“As always, the performance of an investment depends on the price one pays for the asset, the price one achieves when selling the asset and the income received in between,” says Kevin Telfer, fixed income product specialist at Kames Capital.
If an investor in a portfolio of bonds intends to hold them to maturity, the long-term driver of performance will be the interest rate and maturity payments received and any defaults incurred.
So when governments reduce interest rates it makes bond coupons more attractive, driving up demand and leading to an increase in the capital value, explains Neil Mayfield, principal at Mayfield Investment Management.
Active fund managers rarely hold fixed income assets to maturity.

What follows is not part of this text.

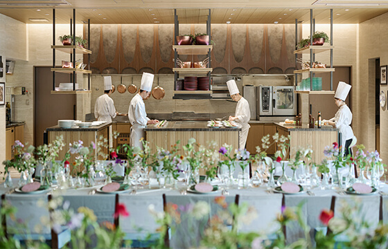 併設のウォークインキッチンによるお料理を通じた演出が、より一層の彩りを添えます。

Instead, they actively trade bonds and loans, seeking to purchase undervalued investments and sell them when their valuations improve – like all active investment strategies.
A bond’s reported market value reflects the market’s perceived attractiveness of the interest and maturity payments, and the perceived risk of the borrower defaulting.
Other factors that make a fixed coupon more attractive include deflation, economic uncertainty and market shocks (‘black swans’), which create fear and drive investors to seek safe havens in bonds from major economies.
“Greed leads investors to seek high yield from bonds with more risk thereby increasing prices,” he says.
One of the chief functions of credit ratings agencies is to guide investors as to the financial security or otherwise of an issuer.
A higher rating might make a particular government or corporate issuer more attractive, thus lowering the coupon they need to offer on new issues to attract buyers but raising the price and reducing the yield of existing issues.
Of course, supply and demand also play a factor, as Mr Telfer explains: “Like all investments, if supply increases, prices tend to fall and if demand increases, prices tend to rise.
“The impact of this can be quite significant. For example, the Bank of England’s QE programme has materially reduced the supply of UK government bonds available to other investors, driving prices up.”
Mr Mayfield also suggests legislation can be a driver for fixed income as “it may require particular classes of investors to invest in fixed income – for example many UK pension schemes are obliged to hold long dated gilts to offset their obligations to pay pensions to members.
“This requirement increases demand and pushes up prices.”